Since you mention the cellos/violas do a great job by themselves you should look at how the trombones complement these two - how trombones/vcl/vca are voiced - also take the bassoon into account on this one.


----------



## Alex Temple (Jan 11, 2012)

It depends what kind of sound you're going for. Doubling trombones with violas or celli will give the tone more weight but it will also soften the natural bite you'd get from the trombones. If you want a really heavy unison line, placing the trombones in unison with the tuba gives a pretty massive sound that can usually cut through any texture. Putting the tuba an octave down will give a deeper sound that you feel more than you hear, especially if you double that with the contrabassoon too.

That said, it's not uncommon in loud tutti passages where the horns or trumpets are playing a ff melody to have the trombones just playing chords, but at a softer mf dynamic. It helps to really fill out the tone of the chord, especially if the other accompaniment moves around quickly (dancing string runs and such).


----------



## Lex (Jan 11, 2012)

tls @ Wed Jan 11 said:


> Good day all,
> 
> 'Epic' got your attention right? Hehe. I think that's the magic word on this forum.
> 
> ...



http://www.amazon.com/Principles-Orchestration-Dover-Books-Music/dp/0486212661/ref=pd_cp_b_1 (http://www.amazon.com/Principles-Orches ... =pd_cp_b_1)

alex


----------



## Udo (Jan 11, 2012)

http://www.northernsounds.com/forum/forumdisplay.php/77-Principles-of-Orchestration-On-line (www.northernsounds.com/forum/forumdispl ... on-On-line)


----------



## tls (Jan 11, 2012)

Thanks to all! And an extra thanks to Temple for the examples! I guess I'll revisit the trombones then. 

bryla: Yes, but what is the term for trombones playing a chord? Maybe none at all?


----------



## rgames (Jan 11, 2012)

tls @ Wed Jan 11 said:


> When I'm making these kinds of big epic sound pictures with horns and strings I kinda don't find a place for the trombones.


So write something else! 

Trombones are great for adding interest to the bass line without adding too much weight. I like to use them that way, anyway. Adding the movement to the entire bass line gets too heavy sometimes - using only the bones gives it that little bit of motion without too much weight.

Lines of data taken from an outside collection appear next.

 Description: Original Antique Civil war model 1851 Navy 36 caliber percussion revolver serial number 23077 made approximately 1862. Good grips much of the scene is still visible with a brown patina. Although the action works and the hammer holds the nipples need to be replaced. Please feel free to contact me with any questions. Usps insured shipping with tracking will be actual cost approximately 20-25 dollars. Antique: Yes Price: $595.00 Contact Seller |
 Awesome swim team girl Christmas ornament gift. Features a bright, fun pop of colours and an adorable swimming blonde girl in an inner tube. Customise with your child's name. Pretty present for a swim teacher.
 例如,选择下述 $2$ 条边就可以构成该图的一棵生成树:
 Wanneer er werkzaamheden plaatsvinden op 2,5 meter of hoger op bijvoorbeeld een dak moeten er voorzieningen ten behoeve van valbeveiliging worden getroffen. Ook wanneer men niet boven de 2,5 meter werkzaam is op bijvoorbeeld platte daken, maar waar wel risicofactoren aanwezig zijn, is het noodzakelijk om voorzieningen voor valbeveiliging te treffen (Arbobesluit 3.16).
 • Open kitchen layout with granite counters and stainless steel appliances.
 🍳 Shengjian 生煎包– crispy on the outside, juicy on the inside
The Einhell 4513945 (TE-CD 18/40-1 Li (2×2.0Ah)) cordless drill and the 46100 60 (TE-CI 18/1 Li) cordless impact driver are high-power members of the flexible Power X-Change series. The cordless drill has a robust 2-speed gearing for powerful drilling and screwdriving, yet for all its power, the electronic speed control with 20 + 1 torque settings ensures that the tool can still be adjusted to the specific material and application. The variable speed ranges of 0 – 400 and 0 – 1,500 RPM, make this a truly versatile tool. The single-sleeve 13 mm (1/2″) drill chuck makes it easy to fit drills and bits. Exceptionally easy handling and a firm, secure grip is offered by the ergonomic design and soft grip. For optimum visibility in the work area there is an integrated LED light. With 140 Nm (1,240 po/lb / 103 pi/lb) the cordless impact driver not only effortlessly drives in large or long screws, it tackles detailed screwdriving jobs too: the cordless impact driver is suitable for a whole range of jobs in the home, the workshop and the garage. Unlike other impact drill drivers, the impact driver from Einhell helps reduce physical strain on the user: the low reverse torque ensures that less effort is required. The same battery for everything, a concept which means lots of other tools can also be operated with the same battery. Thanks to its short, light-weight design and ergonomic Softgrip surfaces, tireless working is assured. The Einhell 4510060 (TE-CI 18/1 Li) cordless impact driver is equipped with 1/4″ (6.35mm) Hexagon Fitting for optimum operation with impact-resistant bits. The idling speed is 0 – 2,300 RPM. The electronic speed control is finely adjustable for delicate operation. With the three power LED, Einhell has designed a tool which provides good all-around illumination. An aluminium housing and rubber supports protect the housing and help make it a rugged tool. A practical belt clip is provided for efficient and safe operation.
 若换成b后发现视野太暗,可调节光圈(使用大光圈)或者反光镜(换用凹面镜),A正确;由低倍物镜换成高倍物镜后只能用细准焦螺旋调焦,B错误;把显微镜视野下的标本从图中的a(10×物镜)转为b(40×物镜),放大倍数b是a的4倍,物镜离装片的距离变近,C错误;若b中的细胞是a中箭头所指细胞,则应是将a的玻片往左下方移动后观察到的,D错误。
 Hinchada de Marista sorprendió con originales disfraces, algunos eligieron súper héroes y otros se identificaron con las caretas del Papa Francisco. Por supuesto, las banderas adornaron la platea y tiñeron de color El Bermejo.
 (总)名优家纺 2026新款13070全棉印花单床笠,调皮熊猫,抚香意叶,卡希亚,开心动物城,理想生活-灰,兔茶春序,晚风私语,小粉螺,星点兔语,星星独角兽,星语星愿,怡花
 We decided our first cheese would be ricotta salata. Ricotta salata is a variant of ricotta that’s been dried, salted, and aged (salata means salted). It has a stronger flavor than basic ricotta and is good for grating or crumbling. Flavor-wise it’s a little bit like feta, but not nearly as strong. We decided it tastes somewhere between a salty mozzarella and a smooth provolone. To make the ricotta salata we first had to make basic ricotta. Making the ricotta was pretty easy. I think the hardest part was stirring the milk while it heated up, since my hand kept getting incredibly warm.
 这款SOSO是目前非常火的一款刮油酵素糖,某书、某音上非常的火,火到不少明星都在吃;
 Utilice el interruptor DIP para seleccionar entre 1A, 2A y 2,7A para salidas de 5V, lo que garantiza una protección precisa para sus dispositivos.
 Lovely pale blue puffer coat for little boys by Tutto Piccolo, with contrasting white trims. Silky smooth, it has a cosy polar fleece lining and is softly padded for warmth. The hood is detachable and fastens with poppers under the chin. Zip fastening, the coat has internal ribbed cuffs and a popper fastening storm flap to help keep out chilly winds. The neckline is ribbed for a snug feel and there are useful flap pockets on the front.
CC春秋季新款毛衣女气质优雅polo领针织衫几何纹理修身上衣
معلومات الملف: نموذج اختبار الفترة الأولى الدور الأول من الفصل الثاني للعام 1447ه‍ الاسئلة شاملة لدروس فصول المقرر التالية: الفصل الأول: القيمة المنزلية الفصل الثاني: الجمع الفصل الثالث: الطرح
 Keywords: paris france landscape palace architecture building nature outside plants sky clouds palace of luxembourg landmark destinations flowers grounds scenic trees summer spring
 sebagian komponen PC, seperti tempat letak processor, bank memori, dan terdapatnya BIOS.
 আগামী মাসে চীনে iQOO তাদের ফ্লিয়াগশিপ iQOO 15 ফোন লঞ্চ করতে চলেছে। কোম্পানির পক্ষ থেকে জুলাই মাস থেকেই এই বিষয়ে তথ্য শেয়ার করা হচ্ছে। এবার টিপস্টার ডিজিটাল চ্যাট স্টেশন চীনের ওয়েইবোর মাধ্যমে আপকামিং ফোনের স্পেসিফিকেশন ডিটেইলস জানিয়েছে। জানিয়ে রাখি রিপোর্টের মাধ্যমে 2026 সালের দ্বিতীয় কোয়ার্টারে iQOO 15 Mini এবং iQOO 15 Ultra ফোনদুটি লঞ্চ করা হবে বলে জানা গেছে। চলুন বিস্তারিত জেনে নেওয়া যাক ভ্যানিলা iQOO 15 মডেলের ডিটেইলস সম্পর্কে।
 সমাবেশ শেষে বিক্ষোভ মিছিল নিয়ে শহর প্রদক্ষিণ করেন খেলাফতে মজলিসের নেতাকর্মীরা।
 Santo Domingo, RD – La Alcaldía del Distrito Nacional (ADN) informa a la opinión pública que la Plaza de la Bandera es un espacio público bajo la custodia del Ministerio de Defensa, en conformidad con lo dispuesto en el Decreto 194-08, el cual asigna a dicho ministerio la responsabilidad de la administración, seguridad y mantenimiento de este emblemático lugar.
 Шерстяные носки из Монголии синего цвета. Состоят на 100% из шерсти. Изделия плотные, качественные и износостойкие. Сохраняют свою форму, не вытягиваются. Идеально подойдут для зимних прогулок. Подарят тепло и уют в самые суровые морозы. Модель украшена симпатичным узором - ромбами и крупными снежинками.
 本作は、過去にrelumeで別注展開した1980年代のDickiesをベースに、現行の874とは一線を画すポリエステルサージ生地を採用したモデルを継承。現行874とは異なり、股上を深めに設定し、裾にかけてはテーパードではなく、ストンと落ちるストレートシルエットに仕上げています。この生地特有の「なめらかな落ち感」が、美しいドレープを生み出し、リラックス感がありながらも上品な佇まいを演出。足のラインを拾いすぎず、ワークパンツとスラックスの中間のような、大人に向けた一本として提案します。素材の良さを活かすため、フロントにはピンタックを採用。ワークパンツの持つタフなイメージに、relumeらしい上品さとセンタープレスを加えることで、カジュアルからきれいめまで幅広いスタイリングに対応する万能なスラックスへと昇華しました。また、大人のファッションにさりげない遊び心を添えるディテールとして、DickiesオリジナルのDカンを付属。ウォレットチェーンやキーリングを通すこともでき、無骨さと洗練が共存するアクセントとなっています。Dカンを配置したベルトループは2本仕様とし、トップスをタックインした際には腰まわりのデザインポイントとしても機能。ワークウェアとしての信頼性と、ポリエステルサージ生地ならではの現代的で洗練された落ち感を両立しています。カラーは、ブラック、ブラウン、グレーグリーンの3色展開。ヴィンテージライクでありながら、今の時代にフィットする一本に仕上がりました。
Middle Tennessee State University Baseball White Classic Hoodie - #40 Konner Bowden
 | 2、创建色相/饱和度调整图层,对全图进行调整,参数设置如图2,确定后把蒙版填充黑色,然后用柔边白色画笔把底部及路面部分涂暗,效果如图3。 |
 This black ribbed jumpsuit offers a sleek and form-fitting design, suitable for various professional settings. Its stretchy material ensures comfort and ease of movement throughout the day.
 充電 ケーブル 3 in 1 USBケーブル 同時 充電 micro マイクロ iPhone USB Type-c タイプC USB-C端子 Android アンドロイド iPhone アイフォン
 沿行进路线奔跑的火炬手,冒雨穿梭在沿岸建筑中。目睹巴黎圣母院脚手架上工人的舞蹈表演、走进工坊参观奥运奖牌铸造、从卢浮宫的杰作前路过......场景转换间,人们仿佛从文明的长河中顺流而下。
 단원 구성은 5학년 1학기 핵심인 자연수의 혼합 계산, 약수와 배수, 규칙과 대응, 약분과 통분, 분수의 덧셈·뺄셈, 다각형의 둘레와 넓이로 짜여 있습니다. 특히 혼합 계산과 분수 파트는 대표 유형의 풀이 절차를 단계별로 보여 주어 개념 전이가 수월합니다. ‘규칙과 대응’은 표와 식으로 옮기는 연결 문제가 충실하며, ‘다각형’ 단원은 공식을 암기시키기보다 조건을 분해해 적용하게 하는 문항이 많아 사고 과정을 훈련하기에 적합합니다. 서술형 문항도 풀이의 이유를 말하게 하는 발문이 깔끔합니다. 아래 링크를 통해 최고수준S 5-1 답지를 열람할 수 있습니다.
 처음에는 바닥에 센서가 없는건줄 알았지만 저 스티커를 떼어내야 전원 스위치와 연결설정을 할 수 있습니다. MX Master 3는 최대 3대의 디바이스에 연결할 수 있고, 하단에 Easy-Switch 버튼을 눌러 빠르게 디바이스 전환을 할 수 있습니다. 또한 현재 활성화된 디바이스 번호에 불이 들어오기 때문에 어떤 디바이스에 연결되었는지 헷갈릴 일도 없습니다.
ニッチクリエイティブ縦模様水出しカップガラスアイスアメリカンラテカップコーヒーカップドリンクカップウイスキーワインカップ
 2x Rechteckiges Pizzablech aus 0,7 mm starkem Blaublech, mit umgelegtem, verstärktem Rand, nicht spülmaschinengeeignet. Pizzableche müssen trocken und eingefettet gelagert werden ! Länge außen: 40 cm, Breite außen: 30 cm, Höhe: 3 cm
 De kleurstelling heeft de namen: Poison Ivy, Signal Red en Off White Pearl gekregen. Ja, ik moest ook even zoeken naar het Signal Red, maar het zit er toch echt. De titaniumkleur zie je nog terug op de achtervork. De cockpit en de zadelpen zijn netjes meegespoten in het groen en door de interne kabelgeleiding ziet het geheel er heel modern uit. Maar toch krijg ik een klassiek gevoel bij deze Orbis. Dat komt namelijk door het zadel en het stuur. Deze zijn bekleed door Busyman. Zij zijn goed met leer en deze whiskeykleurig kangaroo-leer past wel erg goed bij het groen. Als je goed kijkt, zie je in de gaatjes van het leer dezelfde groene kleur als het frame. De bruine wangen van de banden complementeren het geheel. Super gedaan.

Here's an example that I did recently: http://soundcloud.com/richard-ames/flight-of-the-mighty

Also uses a bones feature at the end - I like that, too 

Hey - I've used that track twice as an example of two different things in the last couple days! Other was VSL WW in fast runs.

rgames


----------



## handz (Jan 11, 2012)

I found it strange you have troubles fitting bones into comp as they are usually very easy to wirk with in epic stuff, I sometimes have problems with trumpets that especially with samples are bit tricky. 

Alex uncluded some very nice examples - Williams using them for playing short note chords as a rhytm a lot in SW action music, they also sounds very nice in unison for melodic epsic lines. It depends what samples you are working with for sure as for example I had always problems with Violas in many libs - as they not fit anywhere but once I get some neat libs problem is gone.


----------



## Cinesamples (Jan 11, 2012)

Cimbasso is also a great instrument for getting those 'blats' we all love.
CineBrass CORE has some nasty ones.

Mike


----------



## RiffWraith (Jan 11, 2012)

Trombones can:

Play 1 octave above tuba
Play 1 octave below the horns
Play 1 octave below the trumpets
Play intervals above and below all three

Write a horn line over a string pad. Make the strings play extended bowing, and make it a D. Make the horn line play D C D. Now have the trombones play A G A below.

See how nice that is? 

Write a sting line which is D E F. Or do an extened bowing on the D. Make the horn line play D E F. Now have the trombones play Bb C D

See how nice that is? 

Cheers.


----------



## RiffWraith (Jan 11, 2012)

bryla @ Wed Jan 11 said:


> trombones don't play 'divisi' - that's a string term.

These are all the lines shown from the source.